The trend in many legal quarters toward imposing upon businesses affirmative duties to implement measures to help prevent data breaches and comply with ever-expanding data privacy regulation—and liability if they fail to do so—has brought increased scrutiny of the actions, or more likely inactions, of corporate directors in the cybersecurity arena. A series of cases applying Delaware law, culminating in the June 2019 opinion in Marchand v. Barnhill, 212 A.3d 805, 824 (Del. 2019), indicate that directors who leave cybersecurity and data privacy compliance to management may run a substantial risk of personal liability if they turn a blind eye toward the adequacy of management’s response. These developments are of interest to New Jersey attorneys who advise companies on these matters, because many in-state corporations were incorporated in Delaware and because many states, including New Jersey, follow many aspects of Delaware corporate law. In re Merck & Co. Sec., Derivative & ERISA Litig., 493 F.3d 393, 399 (3d Cir. 2007).

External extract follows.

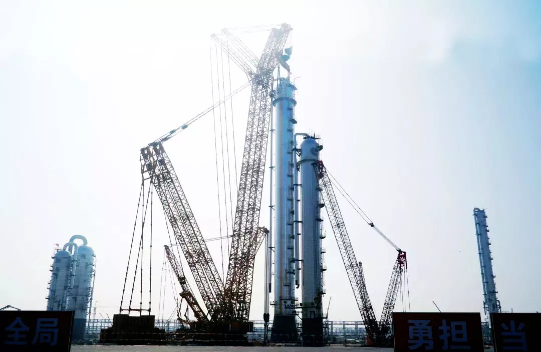 目前,乙烯裝置急冷水塔、急冷油塔、乙烯塔、1#丙烯塔和2#丙烯塔5個(gè)超千噸級大型設(shè)備陸續(xù)順利吊裝就位,標(biāo)志著項(xiàng)目乙烯裝置建設(shè)取得階段性勝利,設(shè)備安裝工作將迎來新一輪高峰。

Delaware cases decided before Marchand, including the seminal case of In re Caremark Int’l Derivative Litig., 98 A.2d 959 (Del. Ch. 1996), established that directors breach their duty of loyalty if they fail to make a good faith effort to monitor and oversee a company by either “utterly fail[ing] to implement any reporting or information system” that would allow information to reach the board or, if such a system exists, by “consciously fail[ing] to monitor or oversee” the company’s operations through that system. Stone ex rel. AmSouth Bancorporation v. Ritter, 911 A.2d 362, 370 (Del. 2006). While most so-called “Caremark claims” fail because the plaintiff concedes at least some form of board level monitoring and reporting, the allegations in Marchand presented the type of “utter failure” to monitor a company’s “essential and mission critical” compliance issues that would be sufficient to support a Caremark claim. 212 A.3d at 822-24.